Extracted information >>
* * *

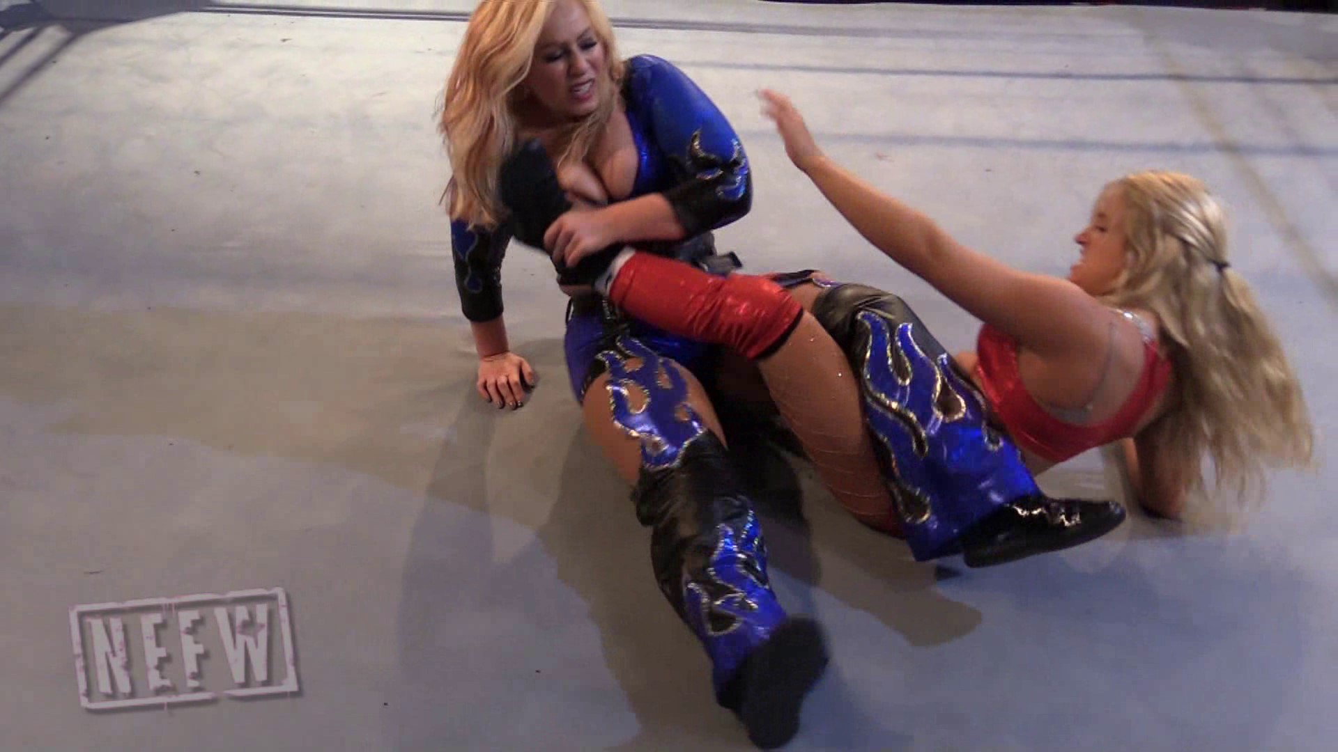 Cali is the SMARTAST blonde here. Brandi has years of experience being in the ring and we are about to see how she breaks apart Cali. Brandi goes right for the legs when she kicks and slams Cali’s leg in the mat, then right from underneath her causing Cali to fall. Wasting no time, Brandi pulls Cali’s legs through the post for a figure four variation using said post! Cali manages to get to her feet and wails on Brandi, trying to capitalize and get Brandi down. Unfortunate for Cali, Brandi has built a strong resistance over time and is resilient to a lot of Cali’s offense. Brandi takes Cali for a ride and you’re going to want to get on and hold tight!
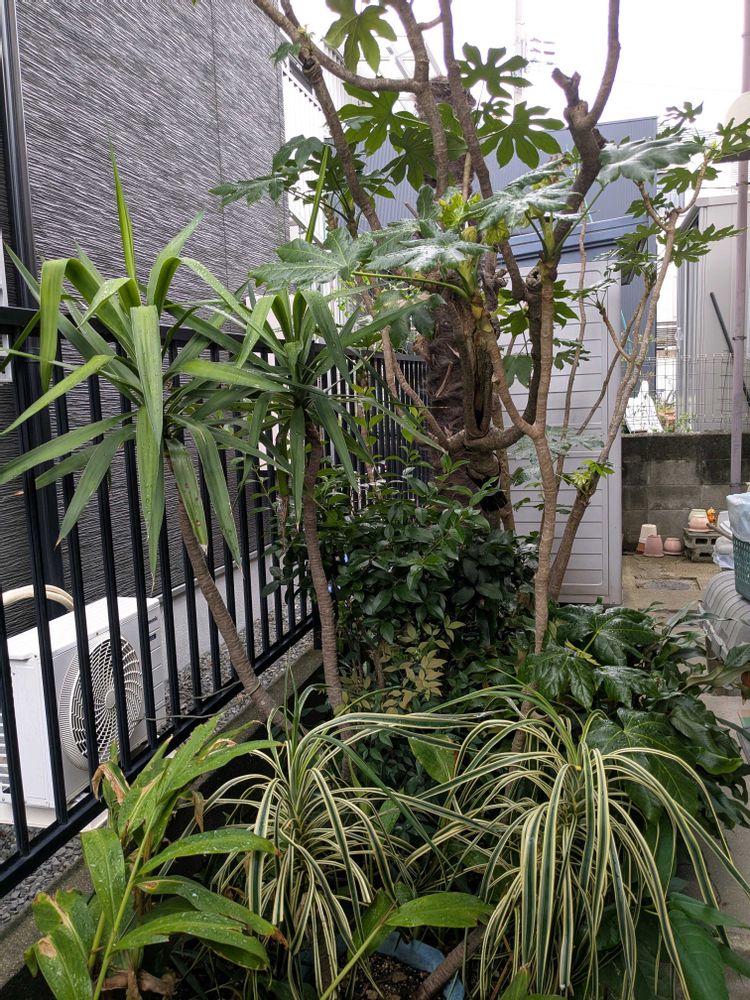 裏庭では長寿鉢植えユッカが地面に根付き大きく成長中!!
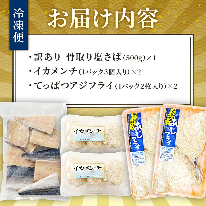 - 【ふるさと納税】 ハクダイ南房総セット 『南』 訳あり骨取り塩さば 切り身 500g イカメンチ 3個×2パック てっぱつあじフライ 2枚×2パック 数量限定 特別セット 詰め合わせ 魚介 海産物 惣菜 おかず 揚げ物 お弁当 骨抜き 骨なし 冷凍 千葉県 南房総市 送料無料
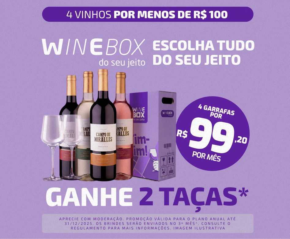 A WineBox do Seu Jeito é uma assinatura mensal do Clube Wine, o maior clube de vinhos no mundo com mais de 380 mil sócios. Os vinhos são escolhidos por nossa Sommelière, especialista no assunto, que considera os estilos que você escolheu para compor sua caixa. A Wine Box do Seu Jeito oferece 4 estilos diferentes: você escolhe 2 estilos e recebe 4 garrafas, 2 garrafas de cada estilo escolhido.
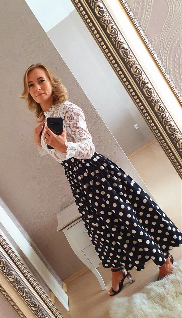 Perfekte 💖Bluse!! Hergestellt aus hochwertiger Baumwollspitze. Stoff ist hervorragend 😃👍 Ich habe Größe M gekauft, eine Nummer größer als ich normalerweise trage. Weil ich es gerne etwas oversized mag. Es passt genau so wie ich es wollte! Sieht toll aus, wenn Sie es in eine Hose oder einen Rock mit hoher Taille ziehen. Das Paket kam in 20 Tagen zu Hause an. Großer Verkäufer, rate ich! Habt ein schönes Wochenende meine Freunde 👯🎉
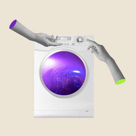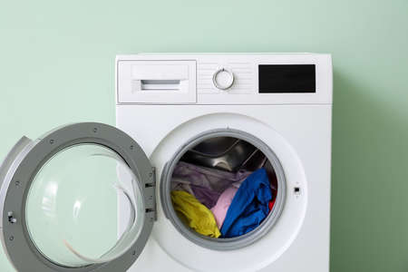 Modern washing machine with laundry near color wall
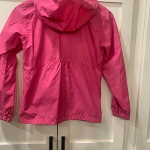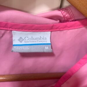Bright fuchsia raincoat by Columbia. Lightweight and water-resistant. Ideal for rainy days.
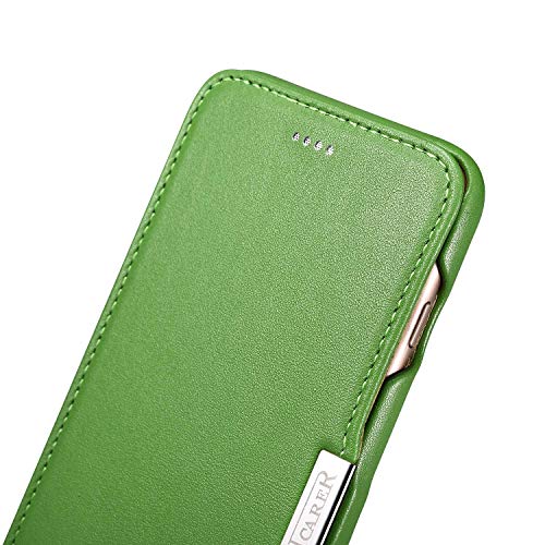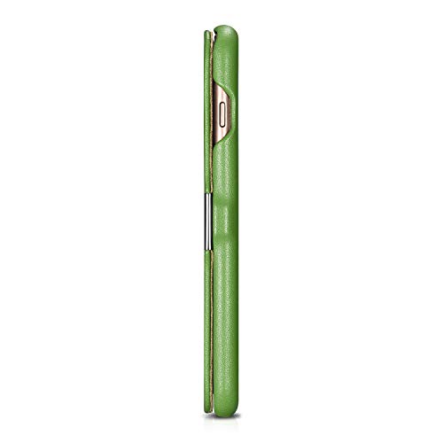 ICARER Custodia per Apple iPhone 8 Plus e iPhone 7 Plus (5,5 pollici), in vera pelle, custodia protettiva pieghevole, sottile, verde
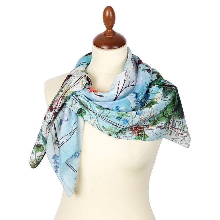 Платок из сказочного леса, где сквозь ветви и туманную дымку можно разглядеть грациозных пугливых оленят, а на верхушках деревьев сидят диковинные птицы, поющие на разные голоса; где на зыбких водах покачиваются кувшинки, а на берегах благоухают фиалки, покрытые каплями росы. Платок из сновидений и самых сладких грёз.
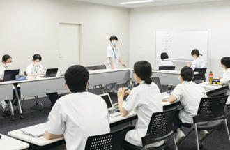 最終ステップとなる「関連職種連携実習」では、病院や福祉施設で総合サービス計画(治療やリハビリテーションなどの実施計画)の立案に関わります。病院・施設の各職種が集うカンファレンスにも参加し、本物の「チーム医療・チームケア」を体験します。チューターと施設側の医師を含む専門職が一丸となってサポートします。
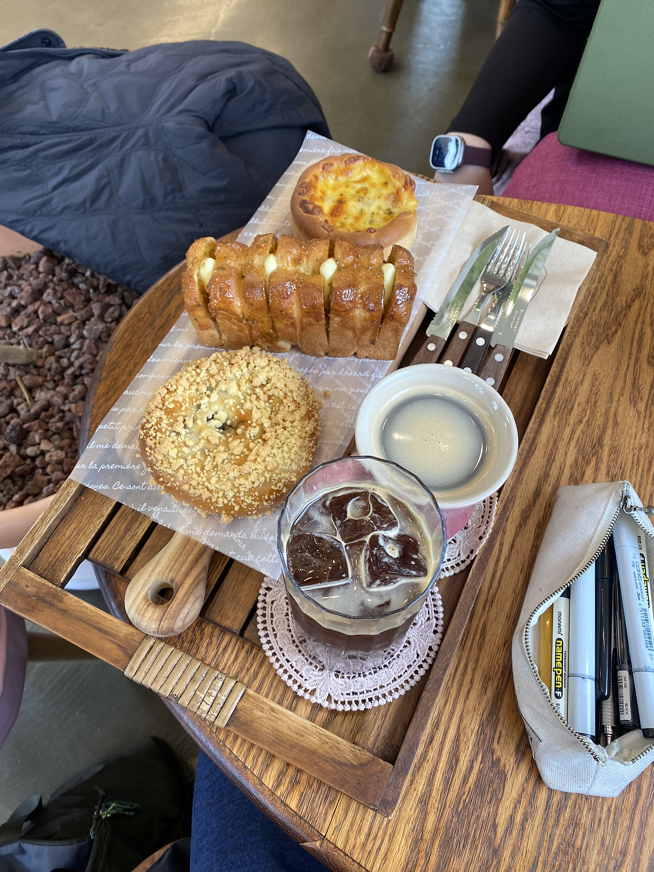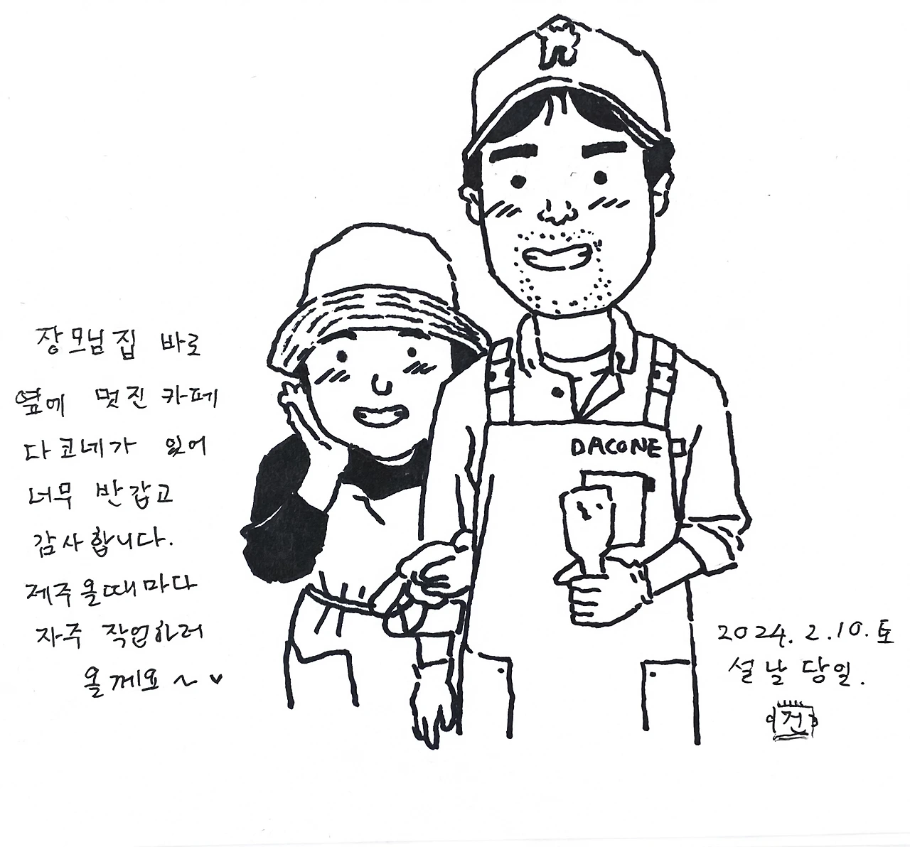 장모님 집에 걸어서 1분거리에 멋진 카페겸 빵집 다코네가 있다. 짝지는 혼자 내려왔을때 작업하러 종종 들리던 곳으로 아침에 분리수거하러 폐지들고 카페를 지나갈때 보디 설날 오늘 부터 영업을 한다는게 아닌가. 집에서 장모님이 끊여주신 만두 떡국을 먹고, 11시즈음에 슬리퍼를 신고 다코네에 왔다. 카페도 너무 아늑하고 멋지고, 빵도 맛있다. 장모님 집 바로 옆에 있어주시는게 너무 감사해서 사장님 두분을 찍어 그림을 그려 선물해 드렸다. 새해 복 많이 받으셔용^^

* * *

What is required >> Once the line with "Платок из сказочного" is found, output it and every line after it through the end of the listing, exactly, without pictures.

Answer for the task >>
 Платок из сказочного леса, где сквозь ветви и туманную дымку можно разглядеть грациозных пугливых оленят, а на верхушках деревьев сидят диковинные птицы, поющие на разные голоса; где на зыбких водах покачиваются кувшинки, а на берегах благоухают фиалки, покрытые каплями росы. Платок из сновидений и самых сладких грёз.
 最終ステップとなる「関連職種連携実習」では、病院や福祉施設で総合サービス計画(治療やリハビリテーションなどの実施計画)の立案に関わります。病院・施設の各職種が集うカンファレンスにも参加し、本物の「チーム医療・チームケア」を体験します。チューターと施設側の医師を含む専門職が一丸となってサポートします。
 장모님 집에 걸어서 1분거리에 멋진 카페겸 빵집 다코네가 있다. 짝지는 혼자 내려왔을때 작업하러 종종 들리던 곳으로 아침에 분리수거하러 폐지들고 카페를 지나갈때 보디 설날 오늘 부터 영업을 한다는게 아닌가. 집에서 장모님이 끊여주신 만두 떡국을 먹고, 11시즈음에 슬리퍼를 신고 다코네에 왔다. 카페도 너무 아늑하고 멋지고, 빵도 맛있다. 장모님 집 바로 옆에 있어주시는게 너무 감사해서 사장님 두분을 찍어 그림을 그려 선물해 드렸다. 새해 복 많이 받으셔용^^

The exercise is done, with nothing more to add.